Below this line is a listing that includes pictures. Copy exactly, and only, the lines from the one containing "本文关于春节联欢晚会2016的基本详情介绍就讲解完毕,希望对大家有所帮助。" through the one containing "The government shipped"; the pictures do not go in the copy.

[Data]

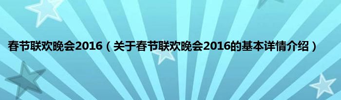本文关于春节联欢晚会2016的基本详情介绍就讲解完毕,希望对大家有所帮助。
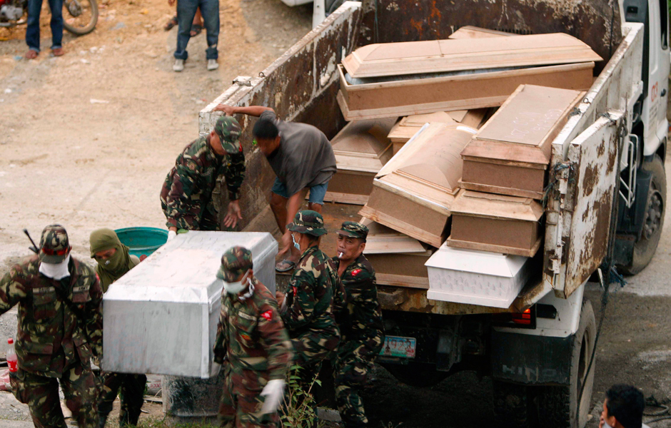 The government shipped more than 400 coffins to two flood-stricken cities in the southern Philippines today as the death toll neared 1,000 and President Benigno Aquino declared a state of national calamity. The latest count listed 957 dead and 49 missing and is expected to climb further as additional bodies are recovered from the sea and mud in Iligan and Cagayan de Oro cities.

[/Data]
[Data]

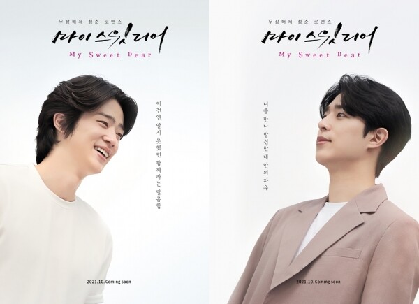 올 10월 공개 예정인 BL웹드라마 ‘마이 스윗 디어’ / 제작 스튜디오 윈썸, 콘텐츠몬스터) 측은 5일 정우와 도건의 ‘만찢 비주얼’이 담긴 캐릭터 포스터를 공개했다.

[/Data]
[Data]

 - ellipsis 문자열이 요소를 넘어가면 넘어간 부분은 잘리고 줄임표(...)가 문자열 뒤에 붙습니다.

[/Data]

_Expected answer_
本文关于春节联欢晚会2016的基本详情介绍就讲解完毕,希望对大家有所帮助。
 The government shipped more than 400 coffins to two flood-stricken cities in the southern Philippines today as the death toll neared 1,000 and President Benigno Aquino declared a state of national calamity. The latest count listed 957 dead and 49 missing and is expected to climb further as additional bodies are recovered from the sea and mud in Iligan and Cagayan de Oro cities.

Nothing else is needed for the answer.